THE civil-military saga continues to be the biggest


story coming out of Pakistan in the aftermath of
the Kartarpur opening. Many of the guests invited for
the ceremony haven’t stopped talking about all that is
hunky-dory between the PTI and the military.
Not that the visitors can be blamed, for most of us living here
can’t get over it either. Be it the critics of the government or
the government itself, this is a love story everyone believes in.
The prime minister himself can’t stop raving about it. Last
week, he claimed that the military stood by his party’s
manifesto, forcing the military spokesman to clarify what he
meant.
This obsession with all things nice between the inhabitants of
the Prime Minister’s Secretariat and those who live in Pindi is
a bit hard to understand, considering that there hasn’t been a
government which didn’t strive for and claim to be best
friends with the military in recent years.
Second, it is also hard to wrap one’s head around this
conclusion that all is well because Imran Khan was helped on
his way to Constitution Avenue.
And third, that he will get along well with the military because
he wants to.
The second of these arguments should have been put to bed a
long time ago, thanks to the manner in which each of the
PML-N’s terms have ended. The first and the third have been
challenged continuously in the post-2008 period, and yet we
expect Khan to live happily ever after.
The PPP and the PML-N too have had good moments with
the generals, as well as bad and ugly ones.
The 2008 elections followed complicated negotiations
between the PPP and Musharraf (who was represented by Gen
Asfhaq Kayani at times) which basically ended with the
understanding that elections would be held and the PPP
would be part of the government that came into being. That
Kayani was more than just Musharraf’s spokesman was
obvious as time went on.
Exclusive: The curious Presidency of Mr Zardari
The dispensation that came into being under the PPP was
never too uncomfortable letting the army take control. It was
in those heady days that Gen Kayani held meetings with
secretaries of key ministries such as finance, commerce and
agriculture at GHQ for the strategic dialogue with the United
States. Civilian supremacy was a myth back then too; we just
liked to pretend otherwise.
If anyone needs a reminder of the role Kayani played in those
days when democracy was vibrant, the politicians more
independent and the press freer, they should just go through
the WikiLeaks cables. At one stage, Kayani even bared his soul
to the US ambassador about ‘changing’ the president at the
height of the long march in 2009. And despite Kayani’s
dominance and the PPP’s mild manner, Asif Ali Zardari barely
spent six months without rumours of his departure
circulating.
In those days, the main opposition party wasn’t averse to
playing footsie with Kayani either. The 2008-2013 period was
when Shahbaz Sharif and Chaudhry Nisar Ali Khan were
regular visitors of a certain address in Pindi. And neither did
Nawaz Sharif’s distrust of the army (which we are all
supposed to accept blindly) prevent him from going to court
on Memogate. He is the one who asked the chief justice to find
out more about the Memogate scandal which had ‘ridiculed’
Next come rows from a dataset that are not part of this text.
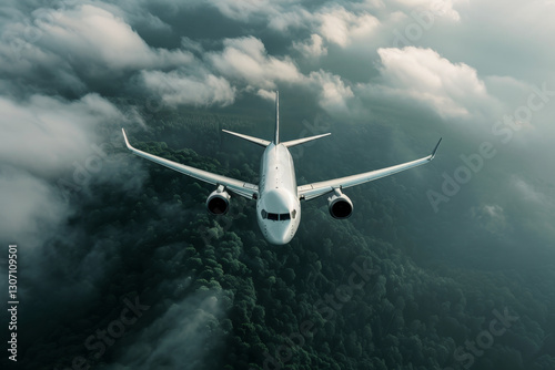 Modern passenger aircraft soaring through cloud-filled skies powered by innovative sustainable biofuel, demonstrating aviation industry commitment to environmental progress above verdant forests.
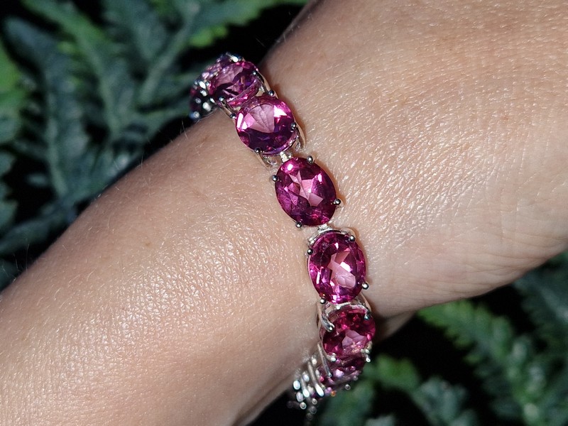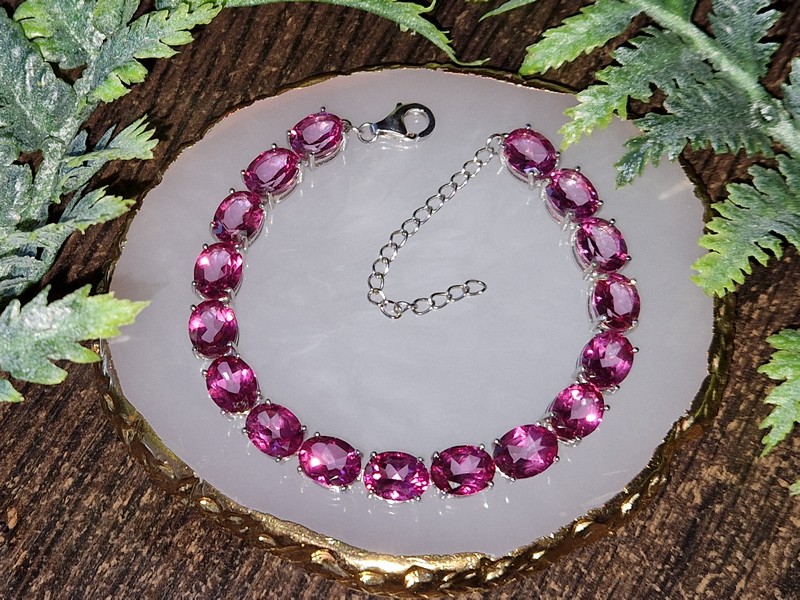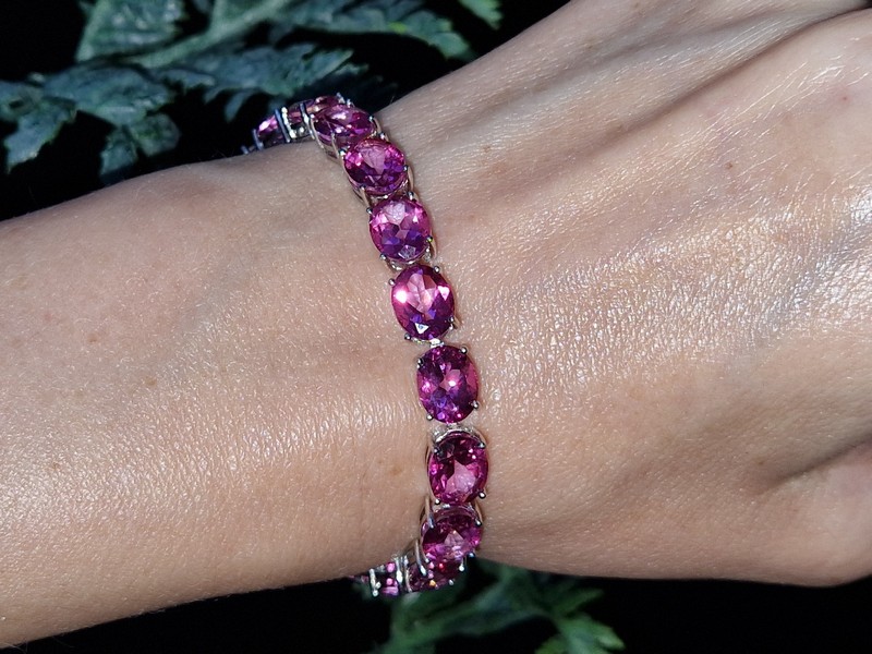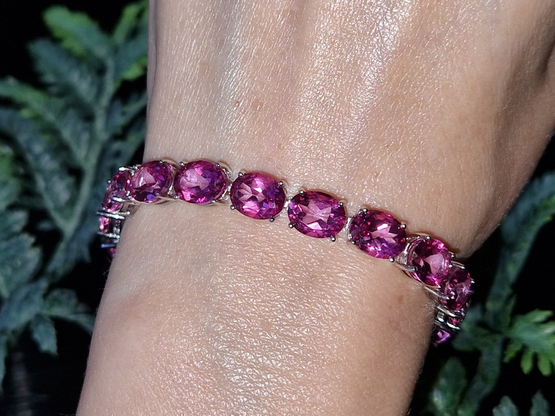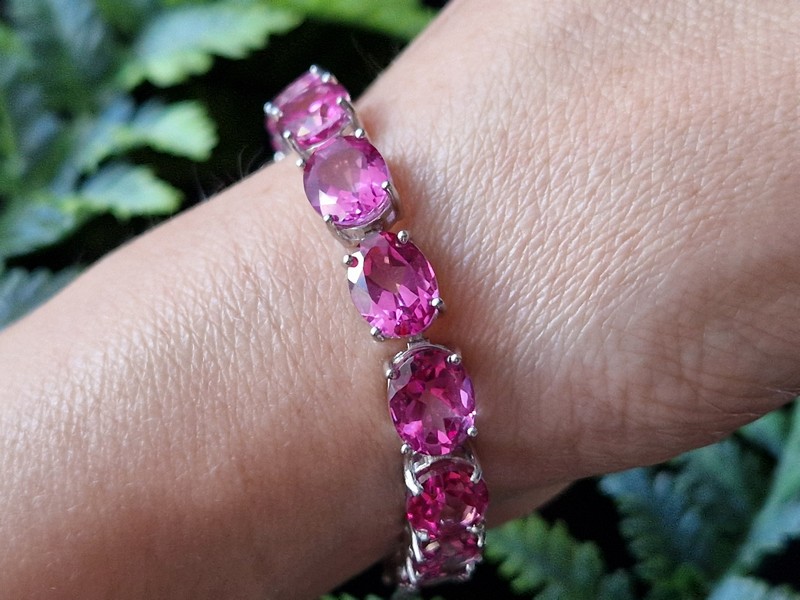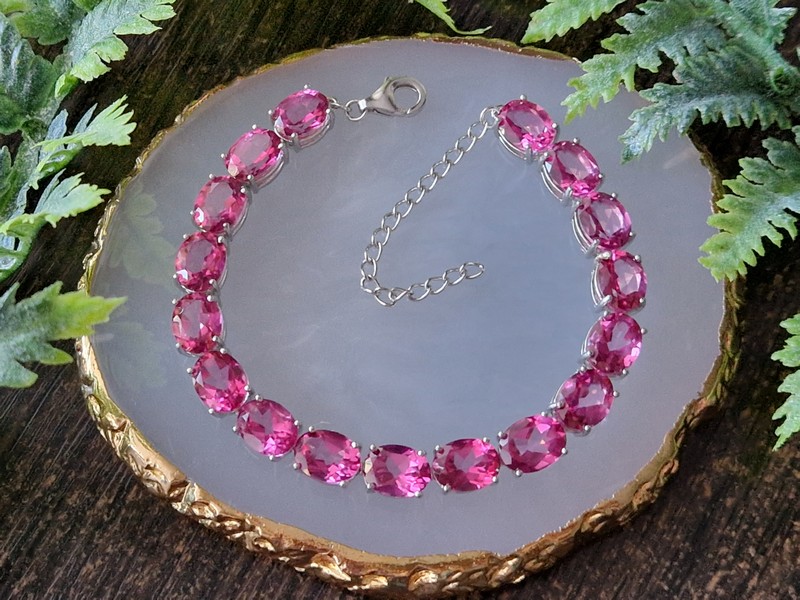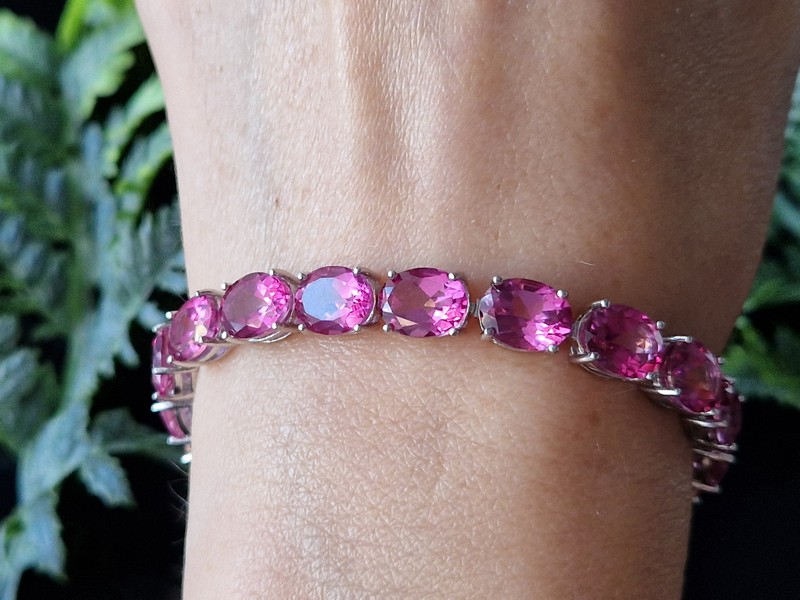 Шикарный представительный браслет из серебра 925 пробы, покрытого белым золотом, с крупными натуральными розовыми топазами.
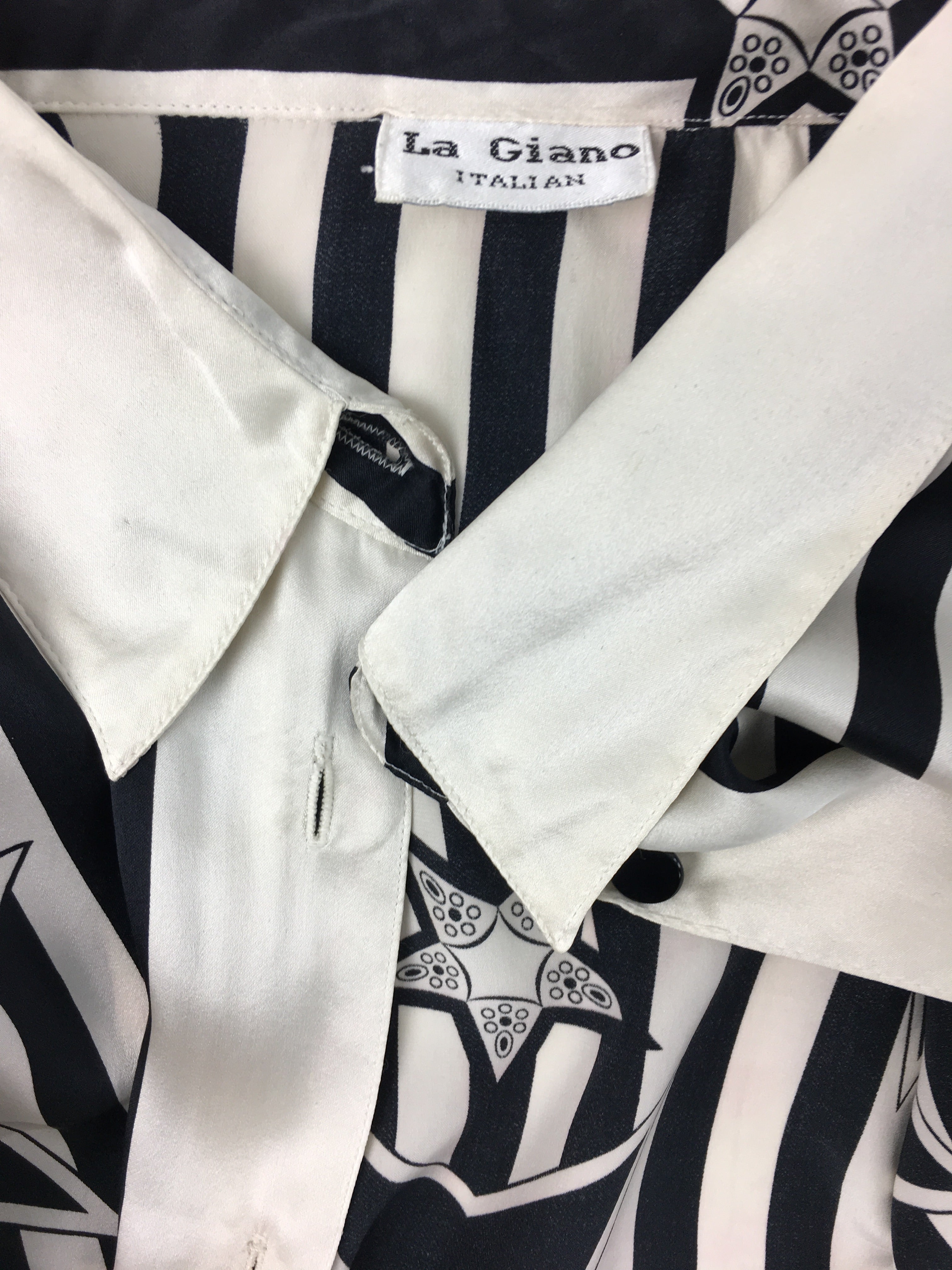 A Vintage Italian made black and white star print silk button-up shirt menswear shirt. The button up shirt has beautiful black porcelain buttons going up the front of the shirt. The silk has a graphic black and white vertical stripe print with stars shapes imposed over the stripes.
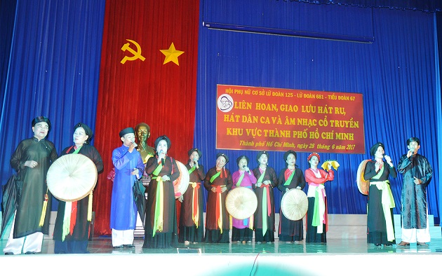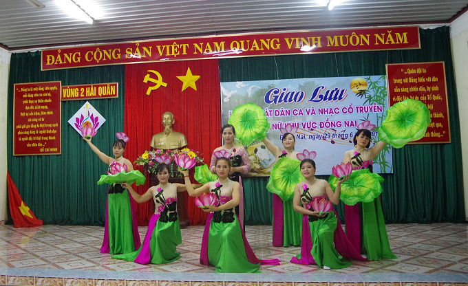 Tối 29-6, tại Căn cứ 696, Hội phụ nữ Vùng 2 Hải quân khu vực Đồng Nai đã tổ chức giao lưu hát ru, hát dân ca và âm nhạc cổ truyền
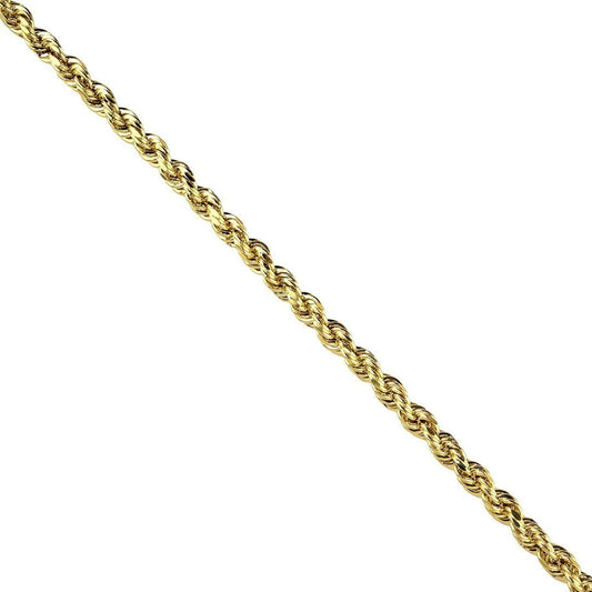 10k Yellow Gold Hollow Rope Chain 7.5 mm
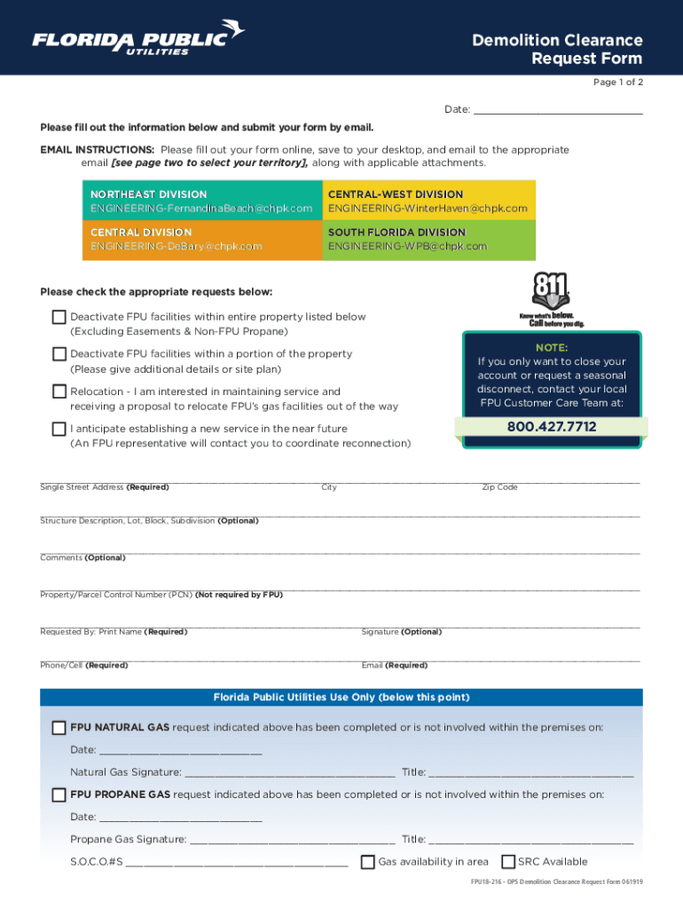 Demolition Clearance Request Form Page 1 of 2Date: ___ Please fill out the information below and submit your form by email. EMAIL INSTRUCTIONS:Please fill out your form online, save to your desktop,
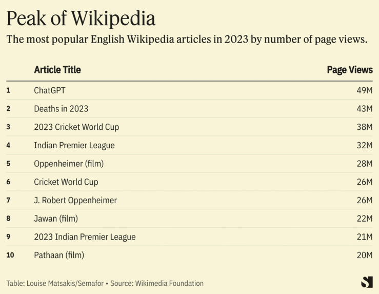 The most-read English-language page on Wikipedia this year was about ChatGPT, the chatbot that, perhaps ironically, was partly trained on Wikipedia’s thousands of articles.
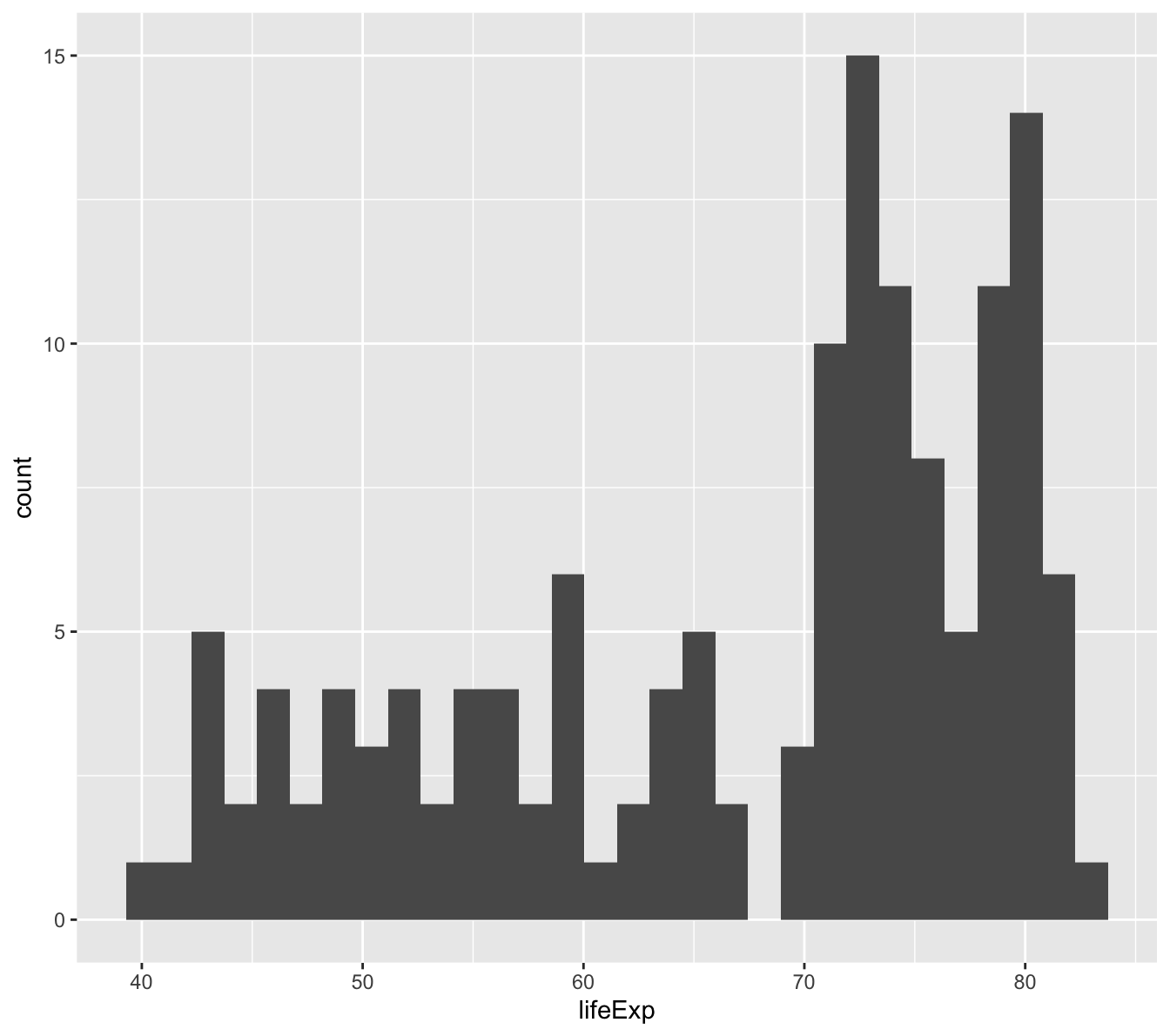 Finally, we added the geom to the aesthetic, which tells ggplot the type of graphic that we wanted to create (geom_histogram()).
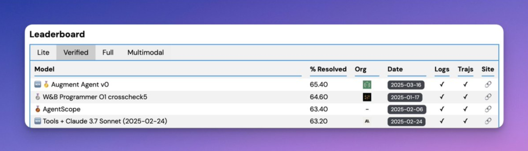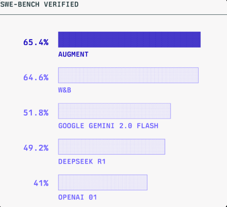 SWE-bench Verified 排行榜上,结合 Claude Sonnet 3.7 和 o1,Augment Agent 以65.4%的成绩拿了第一。
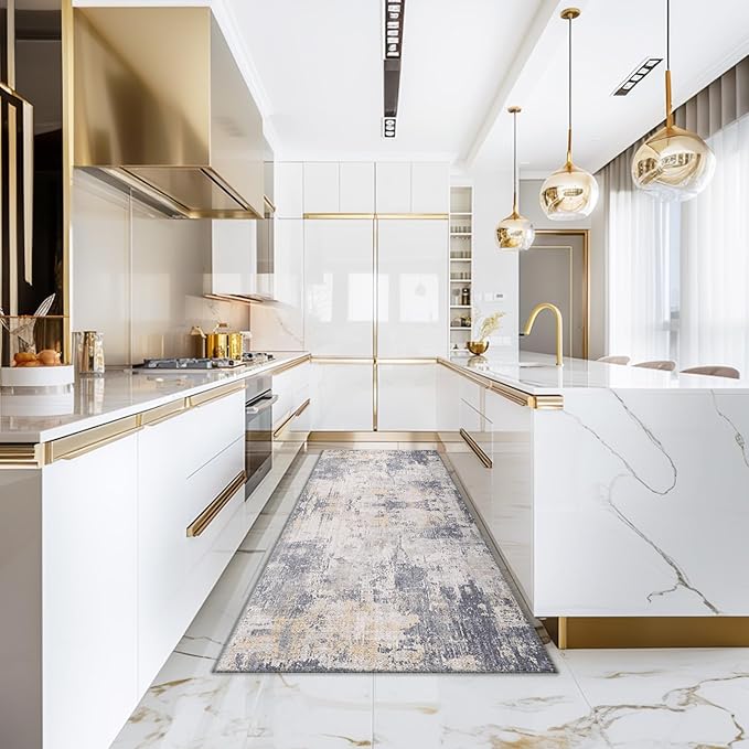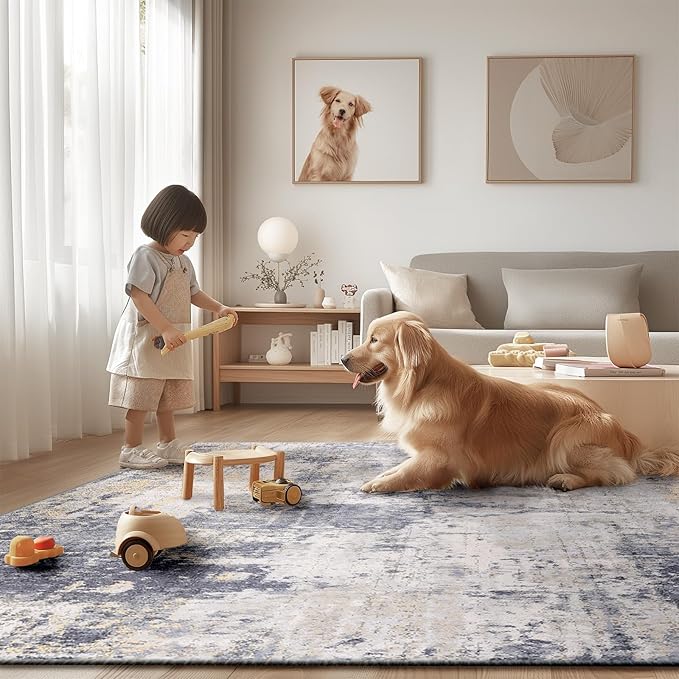 • Tides Series – Effortless style that flows with your life.This modern machine-washable non-slip rug features reinforced edges and a low-pile design that resists dirt. Its water-repellent surface makes spills easy to clean - liquids bead up for quick wiping. Simply machine wash in cold water (no bleach) to refresh. The non-slip backing keeps it securely in place. A perfect blend of function and contemporary design for active homes.
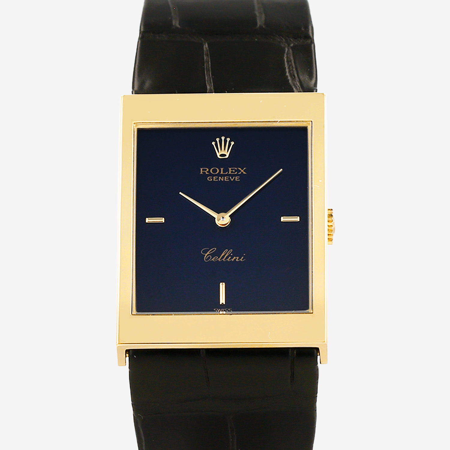Yellow gold Rolex Cellini wristwatch. Rectangular case in yellow gold, clipped caseback, canned crown.
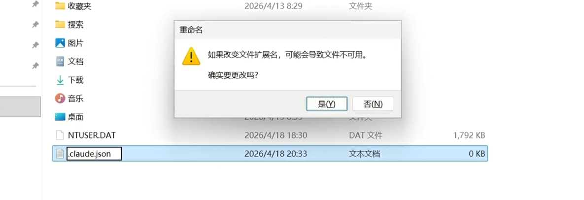 接下来我们在这个目录右键新建文本文档,然后把我们新创建的文件的名字改成 .claude.json。

and ‘maligned’ the armed forces. Wonder where he got the
idea from?
In fact, there were many in those days who thought that
Nawaz Sharif, when he came to power, would enjoy a more
stable rule and better relations with the military because he
was Punjabi and a product of military rule. Neither of these
predictions came true.
Nawaz Sharif’s relations were even more tumultuous than
Zardari’s, despite the fact that he worked with three different
army chiefs. If Kayani’s stint passed quickly enough, the other
two seemed much longer than they were for the roller-coaster
ride that was civil-military relations. But like the PPP, Nawaz
Sharif didn’t declare war from day one. It was a love-hate
relationship in which there were always efforts to fix the
relationship till the summer of 2017.
Let’s not forget that at the height of the 2014 dharna, the
prime minister stood up in parliament and wondered if the
good general in Pindi would bother to mediate between those
sitting in parliament and those besieging it. And Raheel Sharif
took the speech so seriously that he invited Tahirul Qadri and
Imran Khan over for a chat. This happened at a time when the
entire PML-N and many more believed that the dharna was
orchestrated by some around Gen Sharif.
Dharna deadlock: Govt, PTI negotiators begin talks to end
crisis
This is not just a rant against the hypocrisy of the parties now
facing the wrath of the establishment, but to argue that civil-
military relations sour because of political fault lines. Despite
the baggage of the 1990s, the PPP and the PML-N too have
had good moments with the generals in charge, as well as bad
and ugly ones. And such is the nature of politics that the ugly
ones dominate.
Also, there is little chance that Imran Khan will have a very
different experience. Despite our tendency of turning civil-
military relations into simple cases of personality clashes, this
is far from reality. The tension doesn’t happen because the
Punjabi-dominated military doesn’t like Zardari or that
Nawaz Sharif hasn’t been able to get along with a single
military chief. Neither is it a case of military chiefs not being
able to make nice with politicians.
The problem is structural.
There is bound to be tension between a dominant stakeholder
and a civilian government which by dint of being in charge
ends up making decisions that will not always please the
former. This — and not personalities — causes the friction.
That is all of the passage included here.